Records from a dataset:
--*--
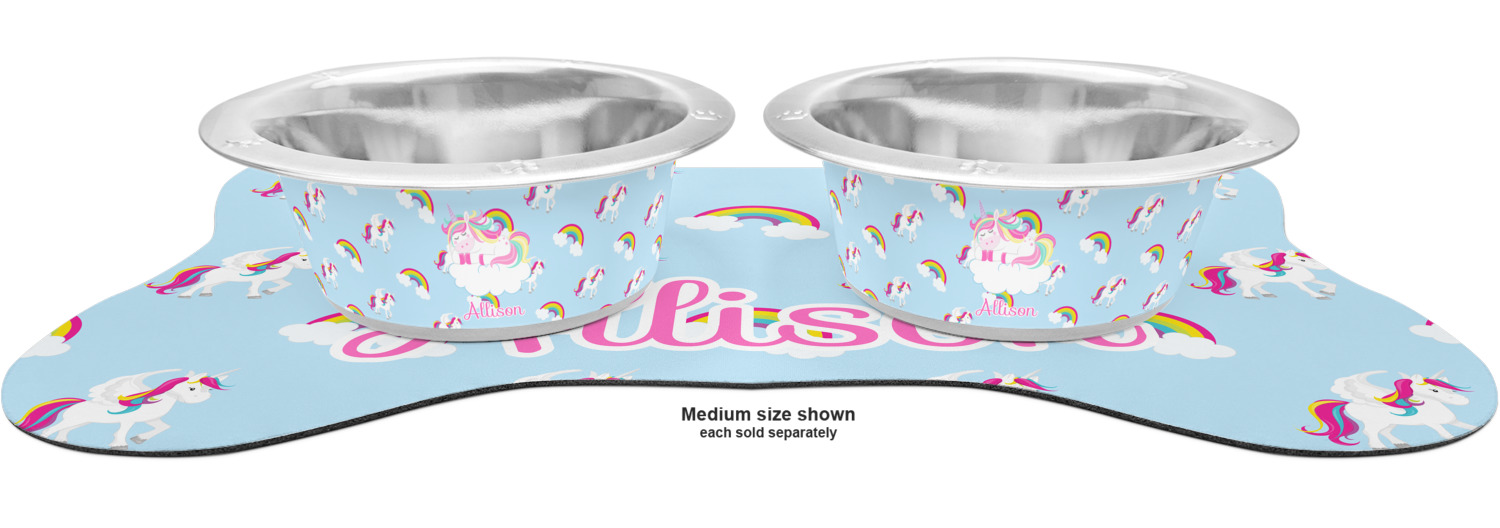 The top of this mat displays your custom design, as it is printed on polyester. To prevent slippage, the underside of the mat is made of rubber. We offer a small dog food mat, suitable for smaller dogs and a large dog food mat for bigger breeds. The small dog food mat is approximately 19 by 13 inches, while the large dog feeding mat measures at approximately 26.75 by 18 inches. Both personalized mats are ideally sized to fit two dog bowls.
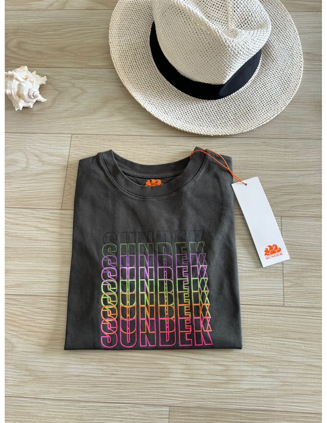 T-shirt green Sundek, girocollo, mezza manica, logo, 100% cotone.
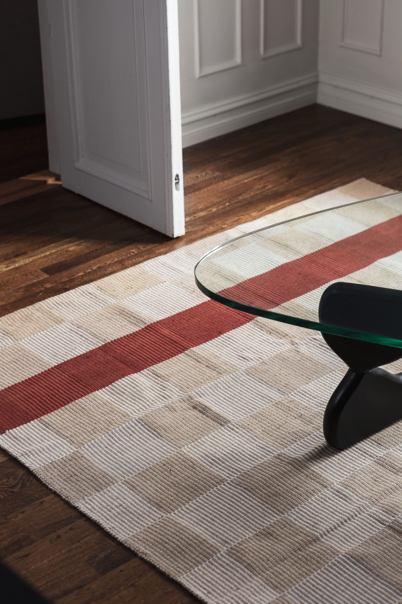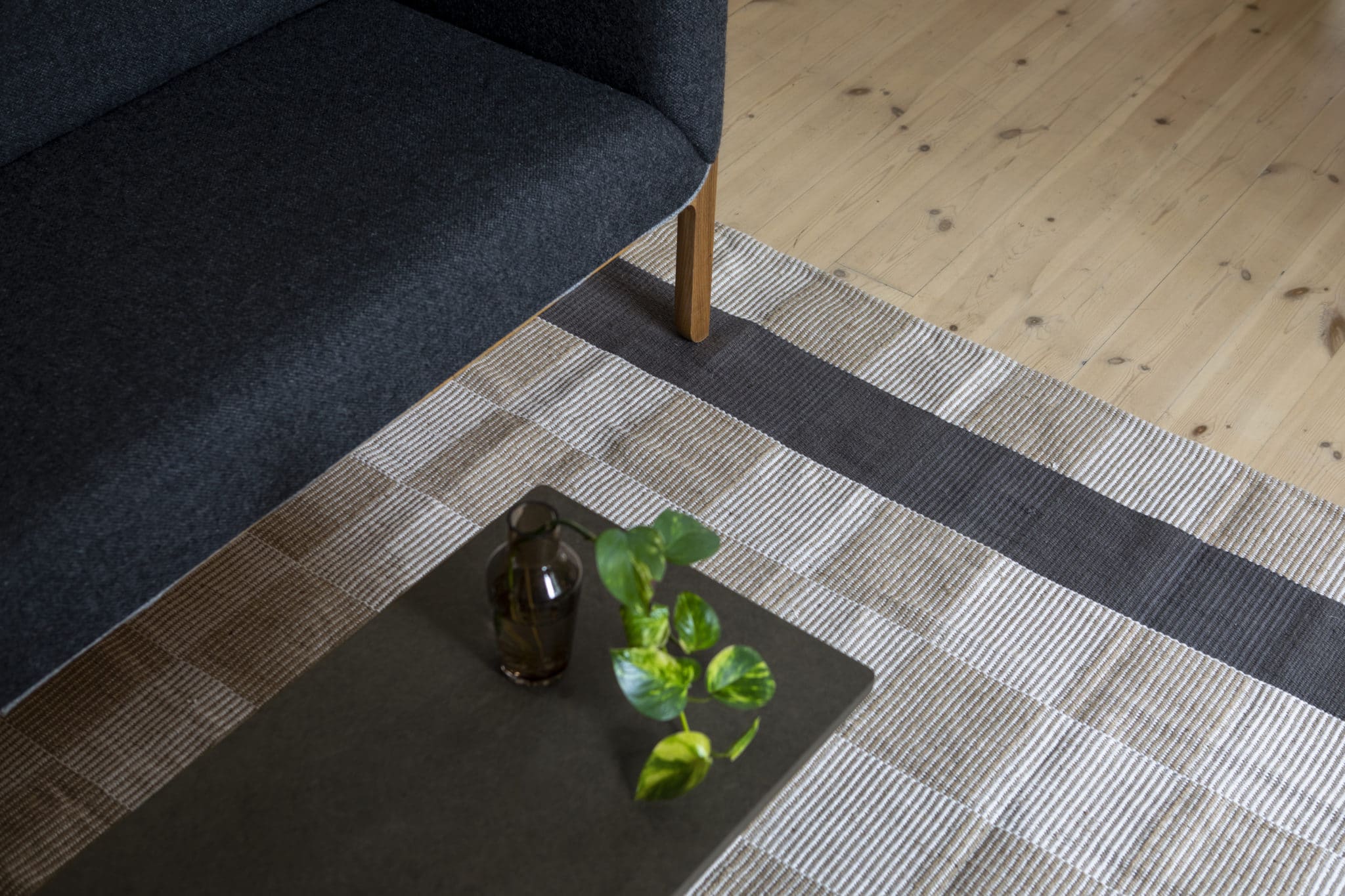 Wafa gulvteppe er et eksklusivt håndvevd teppe i bomull og jute. Tilgjengelig i to varianter: 1) striper i rust og brun og 2) striper i koks.
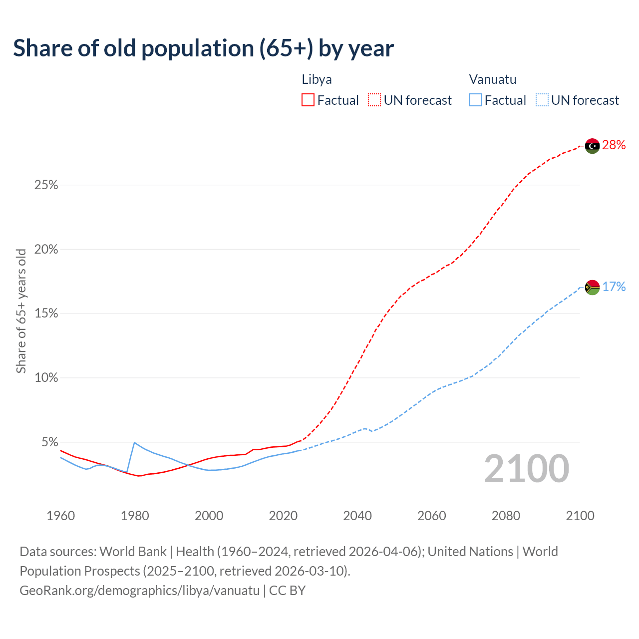 - The share of old-age demographic (65+) in Libya is 5.02% vs 4.3% in Vanuatu.
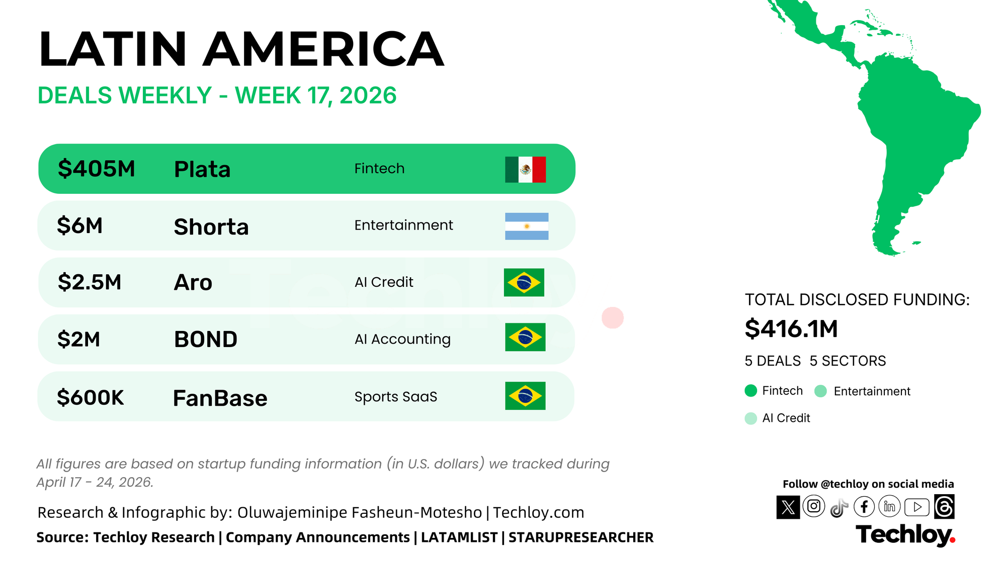 Startups across Latin America raised a combined $416.1 million in disclosed funding this week, based on deals tracked across the region. The largest rounds came from fintech and digital banking companies, followed by AI, accounting, and entertainment startups building new digital platforms for scale.
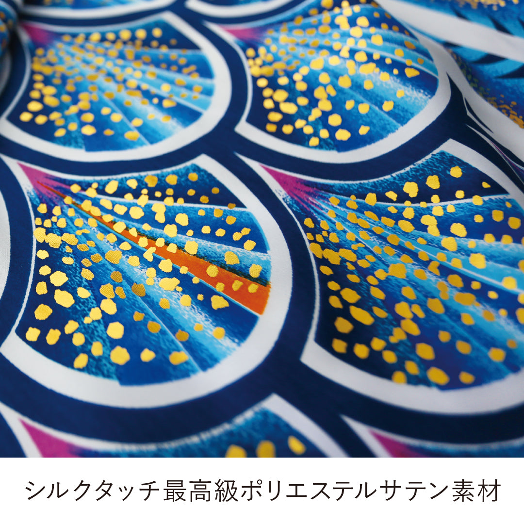 生地はシルクタッチの最高級ポリエステルサテン素材を使用し、太陽光線を浴びると白銀色に輝きます。
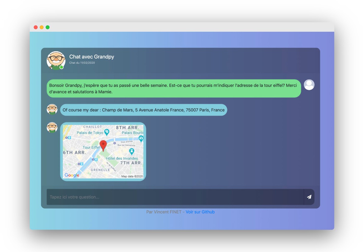 Chat géographique en ligne sous la forme de questions posées à un grand-père : 'Grandpy'. L'application analyse le texte, extrait le lieu et restitue l'adresse, la carte et quelques anecdotes sur un lieu situé à proximité.
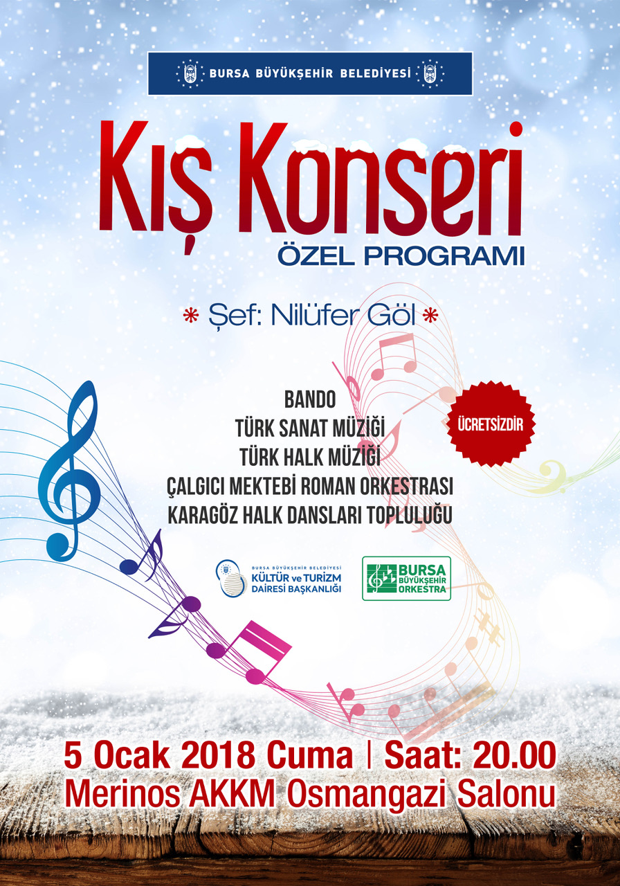 ‘Kış Konseri Özel Programı’, 5 Ocak Cuma günü saat 20.00’da Merinos AKKM Osmangazi Salonu’nda gerçekleştirilecektir.
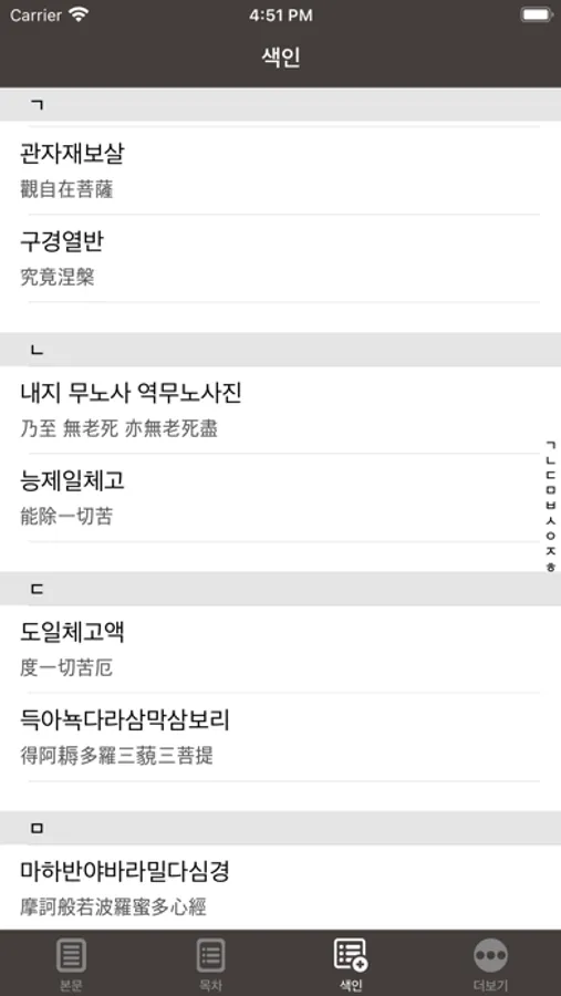 • 색인에서 한 음절을 선택하면 상세한 해설을 볼 수 있습니다.
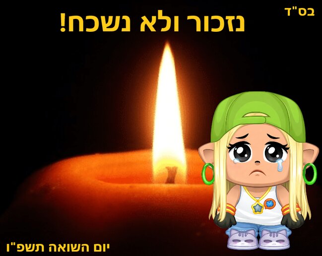 בס"ד שלום לכולם. היום הוא יום השואה. לא נשכח את כל הנאצים ותומכיהם אשר רצחו 6 מיליון יהודים - זקנים, נשים, גברים, וילדים. בכל דור ודור יש עם או כמה שרודפים אחרינו... "והיא שעמדה"? מי עמדה לנו? מי? מה שעמד ושעומד לנו - זה הברית. הברית שאברהם עשה עם ה', בה הבטיח לנו שנישאר עם שלם לנצח. האמונה תדבק בנו לאורך כל הדרך עד לגאולה, הברית תזכר לנו לעד. הסתכלו סביבכם. כל היופי שאתם רואים בעיקר בזכות ניצולי השואה, שקמו מהעפר, והקימו מדינה לתפארת. בימים כאלו מה שיתן בנו כוח יהיה האמונה! התקווה! שניצולי השואה וגם נרצחי השואה השאירו בתוך לב ליבם ולא וויתרו!! יהי רצון שכל הזמן נדבק רק באמונה!! ושתגיע הגאולה!! תודה רבה שהקשבתם לי! אוהבת יוסי3245 ~רון~ #נזכור_ולא_נסלח_! ______________________________________
--*--
_INSTRUCTIONS TO FOLLOW_
Starting from the line with "T-shirt green Sundek, girocollo, mezza" in the records above, repeat each line exactly until you have written the line with "해설을 볼 수 있습니다.", then stop; drop the pictures.

_WRITTEN RESPONSE_
 T-shirt green Sundek, girocollo, mezza manica, logo, 100% cotone.
 Wafa gulvteppe er et eksklusivt håndvevd teppe i bomull og jute. Tilgjengelig i to varianter: 1) striper i rust og brun og 2) striper i koks.
 - The share of old-age demographic (65+) in Libya is 5.02% vs 4.3% in Vanuatu.
 Startups across Latin America raised a combined $416.1 million in disclosed funding this week, based on deals tracked across the region. The largest rounds came from fintech and digital banking companies, followed by AI, accounting, and entertainment startups building new digital platforms for scale.
 生地はシルクタッチの最高級ポリエステルサテン素材を使用し、太陽光線を浴びると白銀色に輝きます。
 Chat géographique en ligne sous la forme de questions posées à un grand-père : 'Grandpy'. L'application analyse le texte, extrait le lieu et restitue l'adresse, la carte et quelques anecdotes sur un lieu situé à proximité.
 ‘Kış Konseri Özel Programı’, 5 Ocak Cuma günü saat 20.00’da Merinos AKKM Osmangazi Salonu’nda gerçekleştirilecektir.
 • 색인에서 한 음절을 선택하면 상세한 해설을 볼 수 있습니다.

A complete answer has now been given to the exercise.